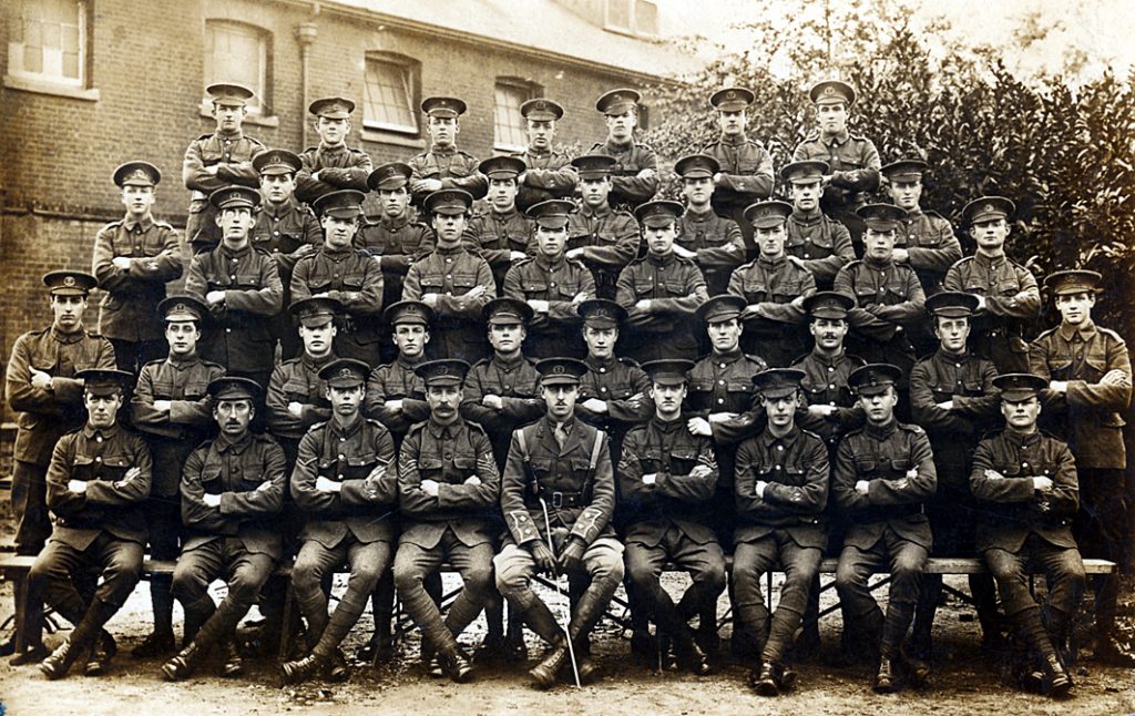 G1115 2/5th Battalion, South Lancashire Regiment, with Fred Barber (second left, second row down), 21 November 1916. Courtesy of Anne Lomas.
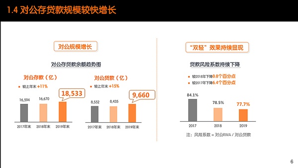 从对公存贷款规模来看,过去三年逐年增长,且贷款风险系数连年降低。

...

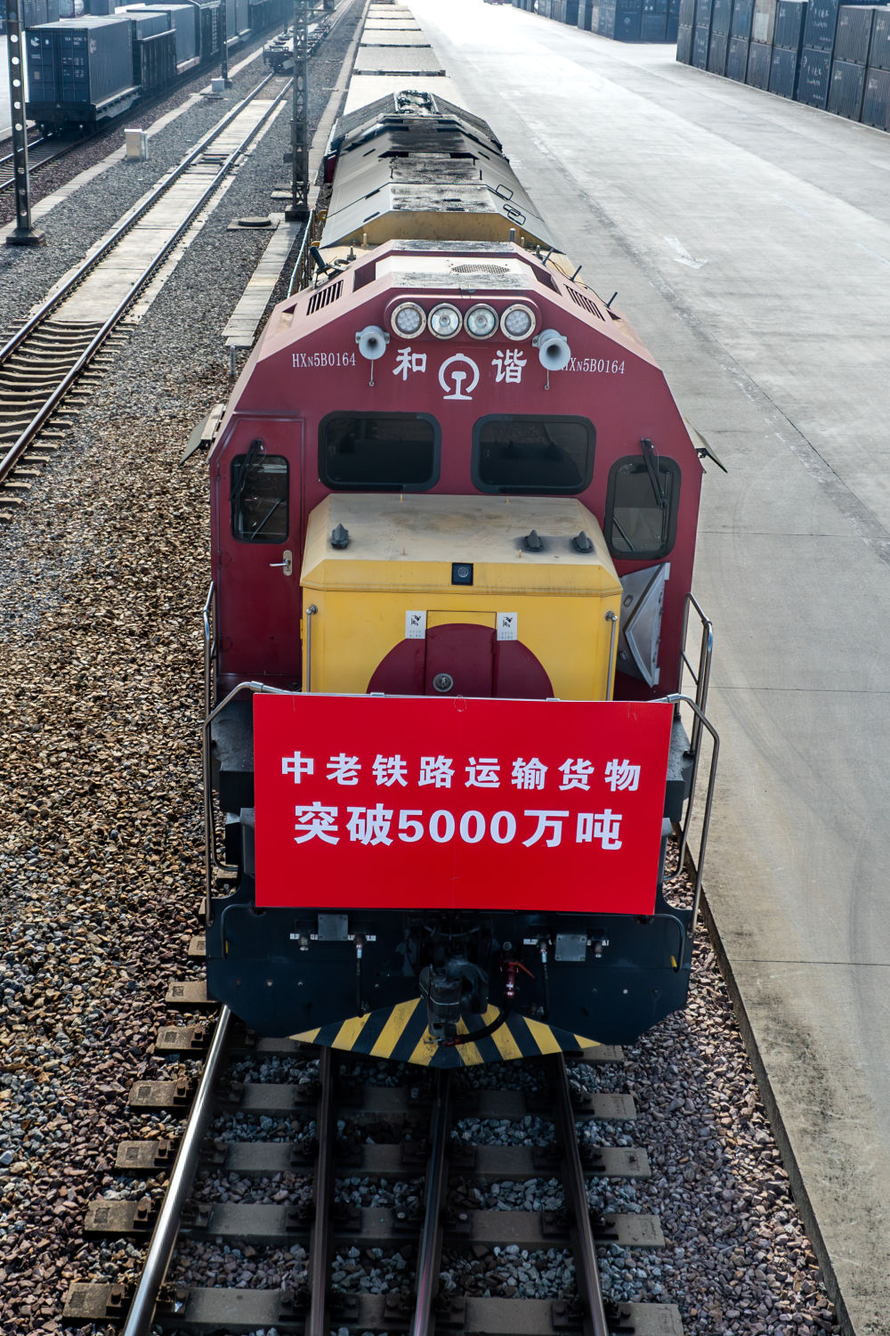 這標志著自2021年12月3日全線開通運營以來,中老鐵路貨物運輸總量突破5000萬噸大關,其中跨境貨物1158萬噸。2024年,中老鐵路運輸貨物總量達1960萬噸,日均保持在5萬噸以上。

--

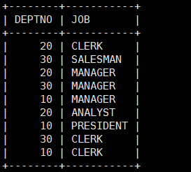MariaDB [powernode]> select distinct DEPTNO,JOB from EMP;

## AIM OF THE TASK
Reproduce exactly the lines of the data above that run from the line with "G1115 2/5th Battalion, South" down to the line with "从对公存贷款规模来看,过去三年逐年增长,且贷款风险系数连年降低。", both ends included. Pictures do not belong in the copy.

## TASK RESPONSE
 G1115 2/5th Battalion, South Lancashire Regiment, with Fred Barber (second left, second row down), 21 November 1916. Courtesy of Anne Lomas.
 从对公存贷款规模来看,过去三年逐年增长,且贷款风险系数连年降低。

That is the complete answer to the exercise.